Digital World Acquisition Corp. and Phunware Inc. both skyrocketed into popularity in late October 2021 when it was announced Digital World, a SPAC, would merge with Trump Media and Technology Group.
Phunware, which had partnered with Trump during his 2020 reelection campaign soared higher both due to its connection to Trump and because Bitcoin, which Phunware acquires, was running toward its Nov. 10 all-time high of $69,000 at that time.
Like with many retail-induced squeezes, both stocks declined almost as quickly as they mooned but held on to some of their gains. Digital World, which was trading near $10 prior to the merger announcement, shot up to reach an all-time high of $175 on Oct. 22 before falling to the $65 level on Oct. 27. Phunware, which was trading near $1 on Oct. 20, reached a high of $24.04 on Oct. 22 before declining over 81 percent to the $4.20 mark by Oct. 26.
The stocks then entered into a long period of consolidation but on Jan. 12, Digital World broke up from a key resistance zone and began to trek higher. The ascent toward the resistance zone began on Jan. 6, the day before Trump Media and Technology Group announced its plans to launch its new social media app on Feb. 21.
Digital World looks as though it could be headed toward a new all-time high if the current trajectory continues and the launch of the app is successful. Phunware has a lot of work to do to bust through heavy resistance at the $4.13 level and for now at least, no new catalysts to propel it there.

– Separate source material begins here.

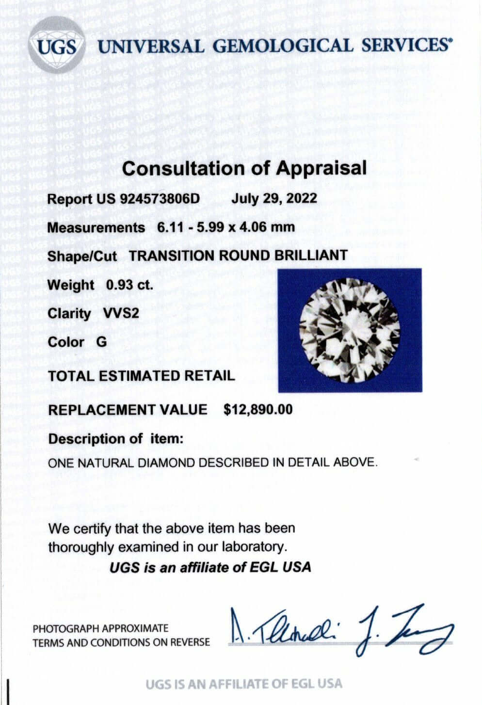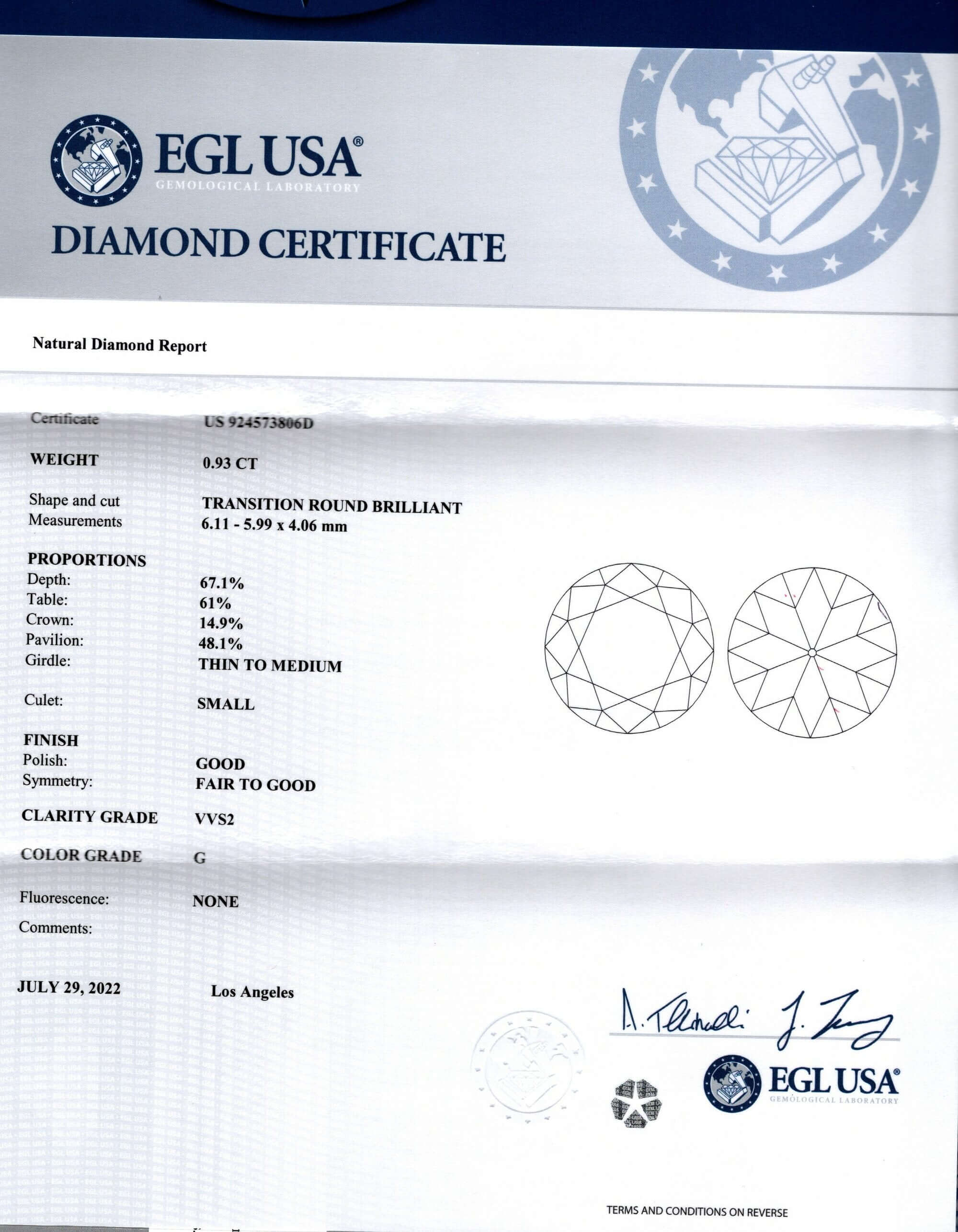 The diamond is certified by EGL-USA. Exceptionally clean, the 0.93ct diamond received a clarity grade of VVS2. The diamond is completely loupe clean; it is impossible to find any inclusions under 10x magnification. A tabletop microscope is needed to see the tiniest possible inclusion as this stone is near flawless! Graded G for color, it faces up beautifully white and shows absolutely no yellow. As an old transitional cut, it has old style facets similar to an old European cut but with a smaller culet. It absolutely retains the unique charm of a hand cut stone.

It should be noted, however, that events affecting the general markets, negative or positive reactions to earnings prints, and news headlines about a stock can quickly invalidate patterns and breakouts. As the saying goes, “the trend is your friend until it isn’t” and any trader in a position should have a clear stop set in place and manage their risk versus reward.
The Digital World Chart
On Wednesday, Digital World gapped up slightly higher but immediately ran into a group of sellers and profit takers, and by mid-day the stock was trading down about 6 percent.
The decline is needed to cool Digital World’s relative strength index (RSI), which was in oversold territory on Tuesday measuring in at about 74 percent.
Digital World also ran into and rejected the 0.382 Fibonacci level (Fib), which may indicate it’s time for the stock to print its next higher low. Shares will need to continue printing higher lows if it continues in its uptrend, which will help the stock to develop support zones above the $66 level.
The stock has resistance above at the 0.382 Fib and the 0.5 level, which equates to about $106 and support below at $73.15 and $66.31.
The Phunware Chart
Phunware shot up over 12 percent on Tuesday but ran into and rejected the 50-day simple moving average on the daily chart, which indicates longer-term sentiment remains bearish.
On Wednesday, Phunware was in the process of printing an inside bar pattern, which leans bullish because the stock was trading higher prior. Traders can watch for a break of the pattern on Thursday to gauge future direction.
Phunware has a gap below between $1.92 and $2.41 and because gaps on charts fill about 90 percent of the time, it’s likely the stock will fall down to fill that empty trading range in the future.
There is resistance above at $3.13 and $3.38 and support below at $2.86 and $2.62.